Dalam sebuah pernyataan yang dirilis tak lama setelah kedatangan Blinken, kelompok perlawanan Palestina tersebut menuduh Netanyahu menetapkan persyaratan baru untuk secara sengaja menyabotase negosiasi. “Kami menganggap Netanyahu sepenuhnya bertanggung jawab atas kegagalan upaya para mediator dan menghalangi kesepakatan,” kata Hamas.
Sementara itu, situasi di lapangan masih belum stabil. Jet tempur Israel menyerang peluncur roket Hizbullah di Lebanon selatan pada Minggu malam, sebagai tanggapan atas serangan di Galilea Hulu.
IDF juga melaporkan adanya tembakan roket dari Lebanon ke Israel utara, yang semakin meningkatkan konflik dengan Hizbullah, kelompok militan yang didukung Iran dan bersekutu dengan Hamas.
Implikasi regional yang lebih luas dari konflik tersebut menjadi semakin jelas. Iran, yang telah menjadi pendukung utama Hamas dan Hizbullah, telah mengancam akan melakukan pembalasan setelah pembunuhan pemimpin Hamas Ismail Haniyeh di Teheran dan komandan Hizbullah Fuad Shukr di Beirut, yang dikaitkan dengan Israel. Eskalasi ini terjadi pada saat masyarakat internasional semakin khawatir tentang potensi konflik yang meluas menjadi perang regional yang lebih luas.

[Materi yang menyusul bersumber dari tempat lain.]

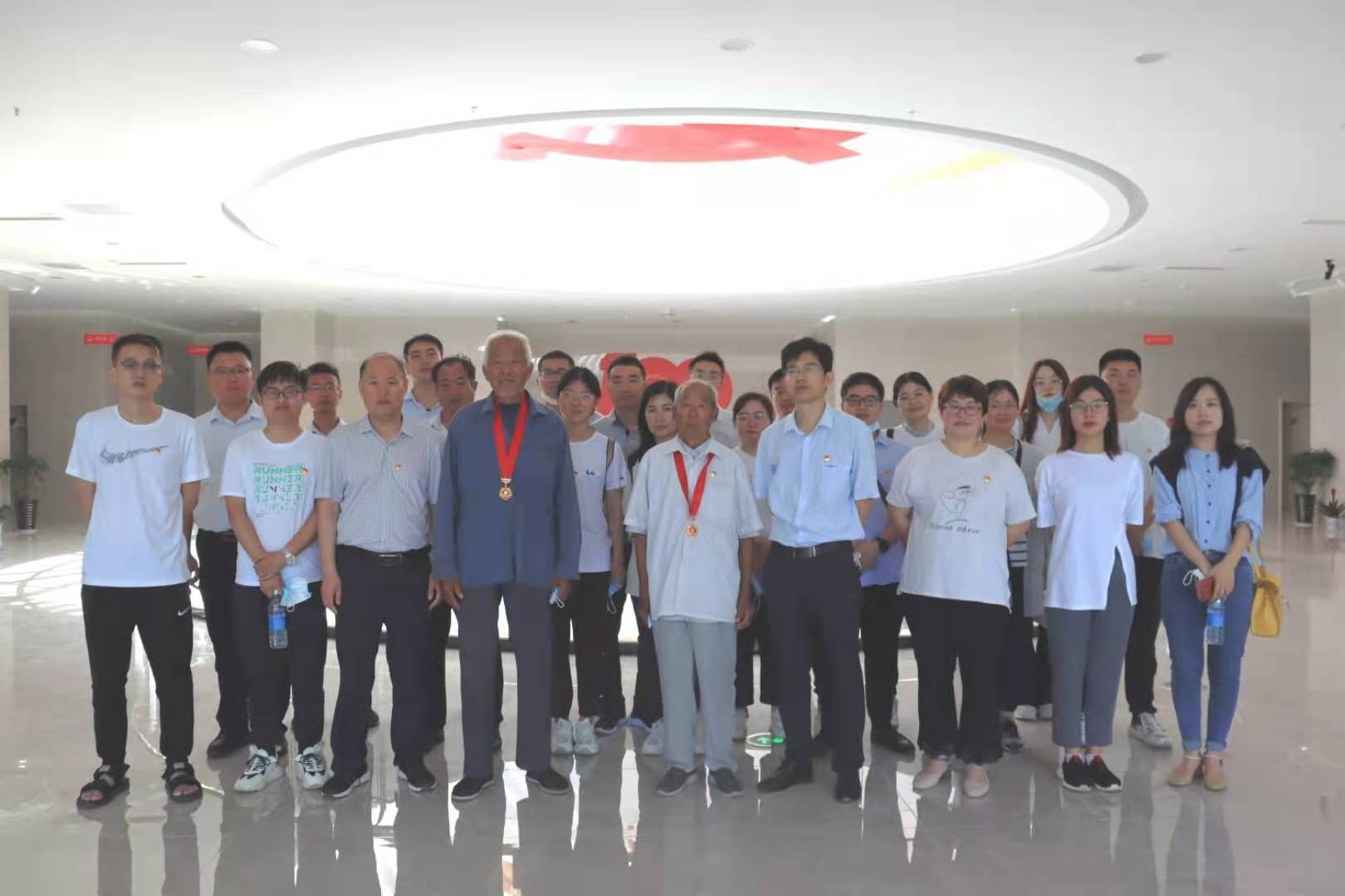 参观结束后,路遇两名50年老党员,全体人员与老党员合影留念。

Iran dilaporkan telah menunda serangan balasannya terhadap Israel untuk menghindari menggagalkan pembicaraan gencatan senjata yang bertujuan untuk mengakhiri perang Gaza. Namun, Republik Islam tersebut telah mencoba untuk menghindari pernyataan dukungan publik untuk negosiasi tersebut dan bahkan meremehkan upaya mediasi yang dipimpin AS dengan alasan bahwa Washington tidak dapat menjadi mediator yang netral karena mendukung Israel.
Pemerintah Iran juga skeptis dengan dukungan yang diungkapkan oleh beberapa negara Barat untuk rakyat Israel. Sebuah laporan oleh Tehran Times, sebuah surat kabar Iran yang sepenuhnya dimiliki dan dikendalikan oleh pemerintah, bahkan mengeklaim bahwa Prancis, Jerman, dan Inggris sedang mempertimbangkan untuk mengakui Palestina sebagai sebuah negara, bergantung pada konsesi signifikan dari Iran, termasuk pengakuannya terhadap Israel dan penghentian dukungan untuk kelompok perlawanan di wilayah tersebut.

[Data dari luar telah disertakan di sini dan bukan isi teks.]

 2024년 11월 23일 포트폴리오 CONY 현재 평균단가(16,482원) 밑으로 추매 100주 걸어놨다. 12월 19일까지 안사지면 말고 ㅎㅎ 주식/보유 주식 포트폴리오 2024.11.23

“Inisiatif yang diusulkan oleh Paris dan didukung oleh London dan Berlin bertujuan untuk menawarkan perlindungan tambahan bagi Israel tetapi tidak menetapkan kondisi apa pun untuk melindungi warga Palestina dari kebijakan apartheid Israel di wilayah pendudukan, pembantaian di Gaza, penyiksaan terhadap tahanan Palestina, atau meningkatnya jumlah pemukiman ilegal di Tepi Barat,” imbuh laporan tersebut.
Jika langkah itu terlaksana, tulis Tehran Times, trio Eropa itu akan bergabung dengan Norwegia, Irlandia, dan Spanyol, yang awal tahun ini menjadi kelompok negara Eropa terbaru yang mengakui Palestina sebagai sebuah negara.
Drone pengintai milik milisi Hizbullah di Lebanon selatan disebut memasuki kediaman Perdana Menteri Israel Benjamin Netanyahu di Israel.
Berita itu diungkap harian media Israel dengan mengutip sumber dan dilansir media Iran, Mehr News. “Harian media Israel melaporkan drone pengintai Hizbullah kemungkinan masuk ke kediaman PM rezim Israel di area Kaisarea,” demikian laporan tersebut.
Kaisarea adalah kota kecil di Israel yang berada di antara Tel Aviv dan Haifa. Pesawat tak berawak itu, lanjut laporan tersebut, berhasil mengambil rekaman kediaman Netanyahu. Kabar ini sontak membuat panik dan takut para pejabat Israel.
Media Israel juga melaporkan pasukan IDF telah dikirim ke tempat drone pengintai beroperasi. Namun, mereka gagal mengidentifikasi lokasi pasti.
Hizbullah kerap menyerang Israel sejak mereka melancarkan agresi ke Jalur Gaza, Palestina, pada Oktober 2023. Milisi itu mengklaim akan terus menggempur Israel sampai mereka angkat kaki dari Palestina. Hizbullah bahkan sempat menyatakan siap perang dengan pasukan Zionis.
Konflik kedua pihak ini kian runcing usai Iran dan para proksinya termasuk Hizbullah bersumpah bakal menyerang Israel usai bos Hamas Ismail Haniyeh tewas.
Haniyeh tewas di Teheran pada akhir Juli. Iran menuding Israel sebagai dalang serangan.